Buena parte del éxito de esta producción es, sin lugar a dudas (pero no solo) el montaje que ha ideado Christof Loy, es casi imposible ahora mismo imaginármela de otra forma. Un simple escenario, sin cambios prácticamente pero para nada estático, dotado de un dinamismo que proviene de la acción teatral, cada movimiento, cada cambio en el rictus de los personajes, cada reacción, son un fresco incomparable que refleja una situación inalterable en el tiempo: la eterna discusión artística entre la importancia de la música y de la letra. La dirección artística es sencillamente perfecta gracias al trabajo actoral que se ha realizado con cada uno de los personajes. Por si fuera poco, esa idea de eternidad en el debate es subrayada por la presencia de las contrapartidas pasada y futura de la condesa (con la presencia de una niña y una anciana), que la condesa se enfrente a ellas consigue resaltar aún más el carácter inmortal de la obra, una ópera magna por la que no pasa el tiempo.

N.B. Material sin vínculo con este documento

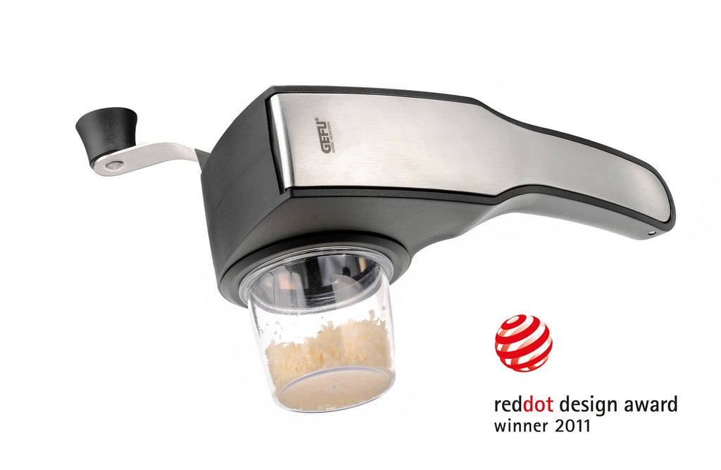 Thanks to its two interchangeable drums, the rotary grater is suited for making shavings and fine crumbs. Just put hard cheese, nuts, chocolate or garlic into the inlet funnel, turn the handle ¨C and done! The sophisticated engineering of the rotary grater allows the almost complete utilization of the material you want to grate while keeping your hands safely away from it and guaranteeing odor-free and clean working. And you are sure to be able to interchange the drums with a few movements. The secret is the sharpness of the grating drums, which it owes to the Laser Cut Technique.

Esta excepcional puesta en escena viene refrendada por el trabajo impecable de Asher Fish en el foso consiguiendo un equilibrio entre texto y música con los cantantes en todo momento a pesar de la dificultad que revierte una ópera como ésta en la que tantos géneros aparecen representados al mismo tiempo. La orquesta titular sonó como nunca, o al menos eso me pareció, transmitiendo todos los increíbles detalles musicales para conformar pasajes de gran belleza tanto cuando eran concertantes como cuando nos encontrábamos rendidos a los monólogos de La Roche o la condesa. Hay un trabajo por detrás fabuloso para empastar estas texturas.
Para redondear la noche no puedo dejar de hablar de los cantantes, empezando por Malin Byström como condesa, es difícil encontrar alguien con una voz tan adecuada para encarnar su maravilloso papel (sólo se me ocurre ahora mismo Anja Harteros), su actuación parte de una interiorización del papel absolutamente sorprendente, cada gesto está indisolublemente unido a su voz, su voz es de una gran tersura con agudos timbrados de gran calidad y una capacidad inmensa para emocionar, su monólogo final fue inolvidable, como alguien ya ha dicho por algún medio, era LA condesa; La Roche de Christof Fischesser fue otro de los grandes triunfadores, sabiendo centrar perfectamente su actuación con una voz de bajo clara, noble, sin estridencias, con una buena emisión y aprovechando los matices cómicos de su rol; notable trabajo el de los dos contendientes de la condesa, especialmente en el caso de André Schuen como Olivier, un barítono joven de muy buena proyección en su emisión vocal, perfecto hasta en fisonomía para encarnar al literato, razonable el Flamand de Norman Reinhardt con una voz más pequeña pero bien impostada y fiable; me gustó Theresa Kronthaler como Clairon aunque su voz no fuera la que el papel exigía pero lo ejecutó con elegancia; potente el conde de Josef Wagner, lo que no tenía su voz de hermosa lo contrarrestó con la rotundidad de sus agudos; interesantes las prestaciones de Leonor Bonilla y Juan José de León como cantantes italianos y de Torben Jürgens y John Graham-Hall en sus cortos papeles. Gran empaste y dicción de los ocho criados por citarlos igualmente.
El misterio de la perfección, de cómo la música se une indisolublemente al texto y la escena en una noche es lo que se pudo presenciar ayer en Madrid, una función única, un momento para el recuerdo.